Кровать встала на дыбы, он отпихнул ее от себя, его самого тут же бросило в сторону. Руна взвизгнула, отскочила.
«Ага… бойся меня…» — злорадно подумал Зубров, шаря руками в поисках опоры.
Он скрежетал зубами. Разъяренный зверь сидел внутри, он жаждал разрушения. Нет, он сам — этот зверь, и чужак — коварный, подлый — хотел телом завладеть. Демон влез в него во сне.
Майка теснила грудь… Одним рывком Зубров ее разодрал — воздуху не хватало…
Албианка… полуголая… она впустила демона, сука!
Бросился к ней, схватил за руку в тот миг, когда она пыталась подобрать с пола ремень. Ага… вот теперь дошло, что это за хреновина… Оружие, которым собиралась прикончить его, вот что!
— Орест! Остановись! Сиг!
— Хватит! — Он толкнул ее на кровать. — Заткнись!
Она упала на спину, халат задрался… белая полоска такни между ног… Там, за ней…
— Орест! — Она пыталась защитить себя ремнем. Взгляды встретились. Там, в ее глазах, ужас. Ремень полетел в сторону, на кресло…
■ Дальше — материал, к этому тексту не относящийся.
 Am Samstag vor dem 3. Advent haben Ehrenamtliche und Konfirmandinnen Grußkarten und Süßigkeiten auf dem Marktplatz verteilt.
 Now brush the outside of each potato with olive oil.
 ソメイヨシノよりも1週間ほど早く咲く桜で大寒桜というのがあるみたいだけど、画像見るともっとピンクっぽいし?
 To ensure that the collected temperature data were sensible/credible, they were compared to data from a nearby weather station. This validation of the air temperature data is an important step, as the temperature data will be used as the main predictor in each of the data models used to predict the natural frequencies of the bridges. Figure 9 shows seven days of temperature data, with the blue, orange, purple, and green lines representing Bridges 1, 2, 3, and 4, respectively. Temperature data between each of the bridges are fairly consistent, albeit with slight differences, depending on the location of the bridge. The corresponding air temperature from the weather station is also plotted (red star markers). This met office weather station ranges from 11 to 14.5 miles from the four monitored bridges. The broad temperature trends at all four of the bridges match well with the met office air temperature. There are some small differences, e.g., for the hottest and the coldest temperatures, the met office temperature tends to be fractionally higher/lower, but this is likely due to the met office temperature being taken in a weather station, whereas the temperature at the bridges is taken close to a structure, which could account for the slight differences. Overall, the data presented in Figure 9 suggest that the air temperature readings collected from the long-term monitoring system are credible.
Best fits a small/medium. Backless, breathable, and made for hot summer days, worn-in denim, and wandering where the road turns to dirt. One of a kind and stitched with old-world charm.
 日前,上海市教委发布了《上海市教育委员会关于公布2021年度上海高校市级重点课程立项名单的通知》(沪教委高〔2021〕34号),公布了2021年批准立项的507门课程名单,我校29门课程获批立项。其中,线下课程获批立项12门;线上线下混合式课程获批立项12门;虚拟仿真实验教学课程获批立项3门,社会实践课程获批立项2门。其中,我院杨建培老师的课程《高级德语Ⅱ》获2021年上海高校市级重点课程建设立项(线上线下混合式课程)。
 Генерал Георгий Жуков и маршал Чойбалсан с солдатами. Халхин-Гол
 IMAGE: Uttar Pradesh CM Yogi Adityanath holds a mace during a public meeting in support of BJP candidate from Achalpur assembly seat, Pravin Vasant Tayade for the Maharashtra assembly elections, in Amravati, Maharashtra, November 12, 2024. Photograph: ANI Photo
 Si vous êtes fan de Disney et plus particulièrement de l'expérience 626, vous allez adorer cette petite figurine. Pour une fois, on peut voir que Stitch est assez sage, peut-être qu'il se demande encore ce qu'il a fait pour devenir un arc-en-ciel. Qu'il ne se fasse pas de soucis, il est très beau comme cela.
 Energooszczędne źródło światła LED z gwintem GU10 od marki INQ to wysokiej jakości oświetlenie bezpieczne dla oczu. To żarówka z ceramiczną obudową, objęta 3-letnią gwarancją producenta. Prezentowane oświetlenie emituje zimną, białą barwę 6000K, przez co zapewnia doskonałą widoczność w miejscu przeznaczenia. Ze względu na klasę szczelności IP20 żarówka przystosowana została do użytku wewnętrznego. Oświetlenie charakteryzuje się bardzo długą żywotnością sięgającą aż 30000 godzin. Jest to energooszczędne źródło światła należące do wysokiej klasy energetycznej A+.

Он навалился сверху, она охнула… новое чувство… волны… жаркие… Все потемнело… Вокруг — ничего… только впереди лицо девушки… перекошено… глаза широко раскрыты… «Ладно, — хочет сказать кто-то внутри. — Не причиню вреда». Но вместо слов — рык. Руна… она такая… такая…
Стал рвать на ней халат… тонкая ткань на бедрах легко порвалась… Она вскрикнула. Ярость — это твоя сила… получи над ней власть… Нет, это надо понять, это… Но думать не получалось. Его лихорадило, рот наполнился слюной, и он не мог ее даже сглотнуть, не получалось: она так и текла на подбородок. Он провалился куда-то в глубину… Руна застонала… внутри у нее было тепло. Краешком разума он отметил: хорошая добыча… теперь… всегда… Он продолжал хотеть Руну, ему мало этой теплой глубины. Наконец, его желание стало бесконечным и невыносимым, превратилось в крик, он стал орать, и тогда в какой-то момент все исчезло — он взорвался. Пошел обратный отсчет… С каждой ослабевающей конвульсией реальность стала меняться. Он все еще содрогался, а память уже возвращалась в свой замысловатый лабиринт, на ходу сортируясь и упорядочиваясь — год за годом, день за днем, минута за минутой.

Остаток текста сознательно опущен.